Digging into the work process
You may have seen the news stories that reported that on Saturday, January 13th, a false emergency missile alert was sent out to residents and vacationers in Hawaii. Not only was the false alert sent out, but it was 38 minutes before a recall was sent to correct the original misinformation. I can only imagine the panic and stress those individuals must have endured during those 38 minutes. But with all negative events, even those with the most significant of consequences, there is always something we can learn from this “unfortunate” incident that happened; there is a work process improvement in there somewhere.
If we were using this incident as a case study for Cause Mapping, we would start by identifying the goals impacted by this issue. If you view the residents and vacationers as customers of the Emergency Management Agency, then clearly the customer service goal was impacted due to the 38 minutes of panic, stress, loss of productivity, impact to personal schedules, etc. These were a result of not only the initial false alert being sent out, but also that it took 38 minutes to retract the false alert. Both causes prompt additional why questions. Why was the false alert sent out? Why did it take 38 minutes to retract the false alert?
Are the steps effective?
The false alert was sent out during a routine drill, which is intended to test Hawaii’s nuclear warning siren system. The monthly testing had only been recently initiated in December, in response to recent tensions with North Korea. During the drill, an officer in the emergency operation center selected a template that would send the alert to the public vs. selecting a template that would send the alert internally. In addition, there was a step in the system that prompted the officer to confirm he did want to select this template, and the officer selected “yes”. At the time, there was no secondary, independent “check” to confirm the template selected.
It took 38 minutes for the emergency operation center to send out a retraction alert because there was no template built for a false alarm alert.
What was missed before implementation?
Some additional questions that come to mind: How was the new drill work process rolled out? What training was provided on the drill work process? Why was there no false alarm template created? When the second confirmation prompt pops up for the operator to check “yes” – what does it ask? Does it give any warning? Is there any confusion on labeling of templates? These additional questions and causes might reveal additional possible solutions.

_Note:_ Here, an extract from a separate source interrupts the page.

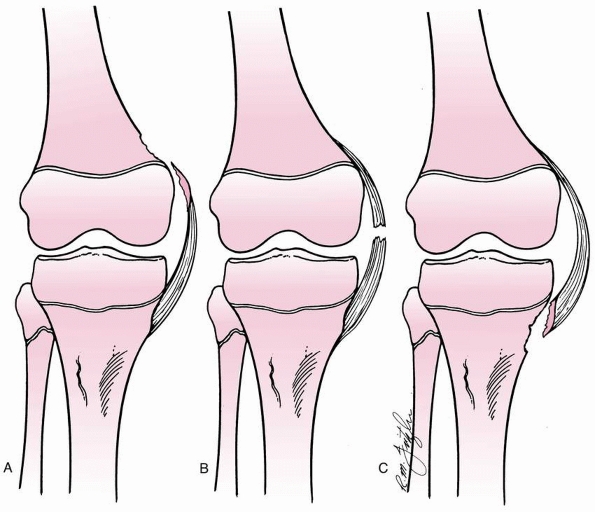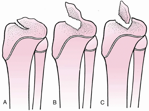 FIGURE 24-2 Classification of tibial spine fractures. A. Type I, minimal displacement. B. Type II, hinged posteriorly. C. Type III, complete separation.

In this video lead investigator and CEO, Mark Galley identifies work-process improvements that can be used to avoid terrifying an entire state. *Cause Map created by instructor, Holly Maher.Want the Cause Map of Hawaii's false missile alert? DOWNLOAD HERE.
So, in the spirit of Monday morning quarterbacking, knowing what we know now, what would we do differently? (By the way, if anyone ever says that during an investigation, you can confirm that that is exactly what we are doing. We are reviewing the tapes the day after the game, so we can learn from whatever didn’t go well. That is exactly what incident investigations are about.) News reports indicate the Emergency Management Agency has implemented a second, independent check before an alert can be sent out. In addition, they have created a false alarm alert template that would allow them to correct misinformation more quickly in the future. Both of these solutions are changes to the emergency missile alert process, steps that mitigate the risk for a similar event in the future.
What other work processes are at risk?
If we really want to leverage as much benefit as we can from a negative event, the next step is to see if any other systems have the same risk? For example, Hawaii is susceptible to tsunamis. What are the steps of the emergency tsunami alert process and is there a potential for a false alarm? And if we send out a false tsunami alarm, is there a template to retract that false alarm in a timely manner? What about the emergency alert processes in other states? Do they have similar gaps and vulnerabilities? Should there be a federal standard emergency alert process that contain some of these lessons learned? Do we really have to wait to have a similar incident somewhere else before we apply the same learnings?